■ Input data
++++++++++

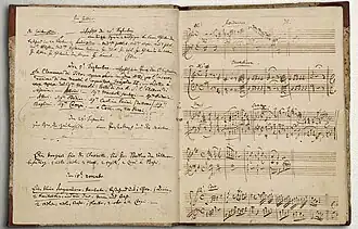Em outros pontos tinha pensamentos bem diversos do pai. Apenas um adolescente de catorze anos pôde ironizar em carta à irmã as visões de Leopold sobre estética, que se inclinavam aos modelos estabelecidos por Gellert e Wieland e que buscavam para a arte uma função social moralizante e nobilitante dentro de uma expressão austera e virtuosa. Essas opiniões já lhe pareciam antiquadas, e em carta ao pai em torno de 1780 defendeu a validade da opera buffa e rejeitou sua conformação aos ditames da opera seria.[47] Também não se nota em sua correspondência um amor às outras artes além da música — sequer eram citadas e seu inventário não incluía uma única pintura — nem o atraía especialmente a paisagem natural. Não parece ter sido um grande leitor, mas conhecia em alguma medida Shakespeare, Ovídio, Fénelon, Metastasio e Wieland, além de provavelmente ter lido obras sobre história, educação e política, mas muitas dessas leituras aparentemente foram feitas tendo em vista mormente a elaboração de textos para óperas ou canções.[48] Entretanto, sobrevivem rascunhos de duas comédias em prosa de sua autoria, alguns poemas e foi um grande escritor de cartas, cujo conteúdo veicula uma larga variedade de sentimentos e ideias, apresentados de forma profunda e exuberante, que se equiparam em qualidade literária à correspondência dos mais distinguidos escritores de sua época.[49]
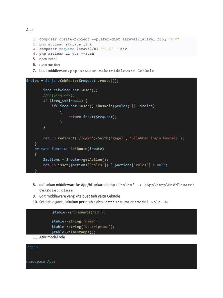 8. daftarkan middleware ke App/http/karnel.php : 'roles' => \App\Http\Middleware\
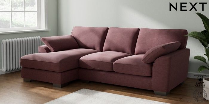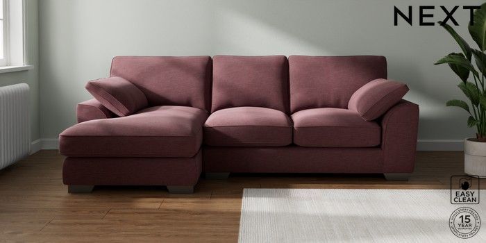 7.3.1 Buy Stamford Grand Relaxed Sit Medium Sofa Chaise - Left Hand Fine Chenille Easy Clean Mid Mulberry Purple Large Square Angle - Gunmetal from the Next UK online shop Click here to use our accessible website
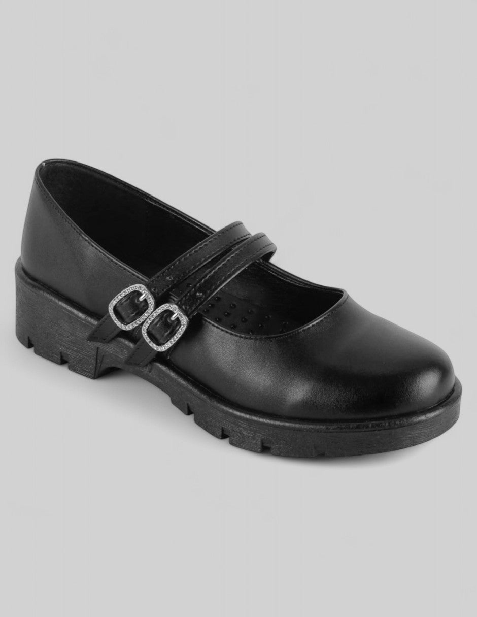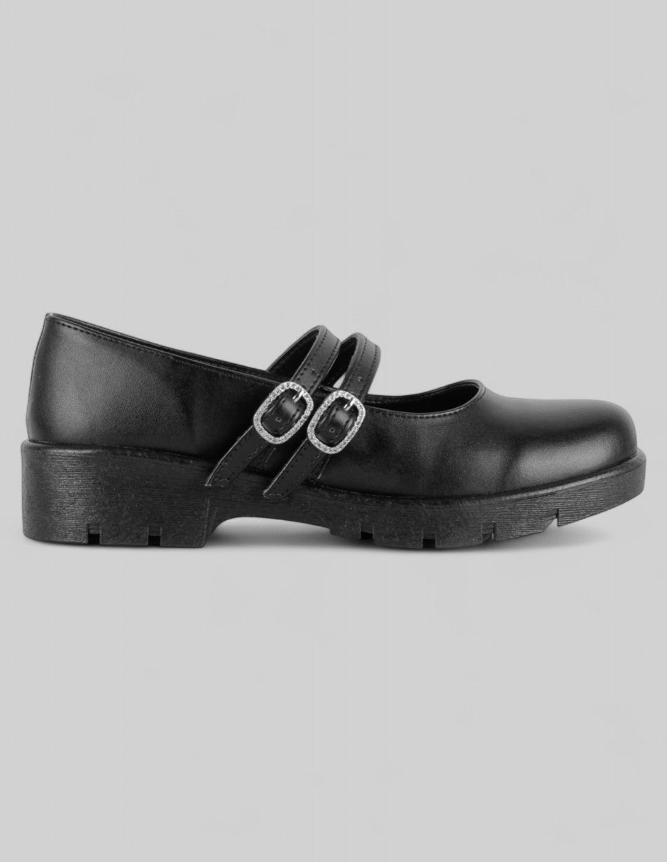 Las Mary Jane modelo Classy de RBCOLLECTION en piel vegana negra combinan estructura firme y detalles brillantes. Los dobles tirantes con hebillas decoradas con pedrería equilibran funcionalidad y estilo. Perfectas para el trabajo, clases o salidas casuales con jeans rectos. ¡Incorpora elegancia práctica a tu día con solo un paso en tienda digital!

++++++++++

From the line containing "8. daftarkan middleware" through the final line of the listing, copy every line exactly and nothing else. Skip the pictures.

 8. daftarkan middleware ke App/http/karnel.php : 'roles' => \App\Http\Middleware\
 7.3.1 Buy Stamford Grand Relaxed Sit Medium Sofa Chaise - Left Hand Fine Chenille Easy Clean Mid Mulberry Purple Large Square Angle - Gunmetal from the Next UK online shop Click here to use our accessible website
 Las Mary Jane modelo Classy de RBCOLLECTION en piel vegana negra combinan estructura firme y detalles brillantes. Los dobles tirantes con hebillas decoradas con pedrería equilibran funcionalidad y estilo. Perfectas para el trabajo, clases o salidas casuales con jeans rectos. ¡Incorpora elegancia práctica a tu día con solo un paso en tienda digital!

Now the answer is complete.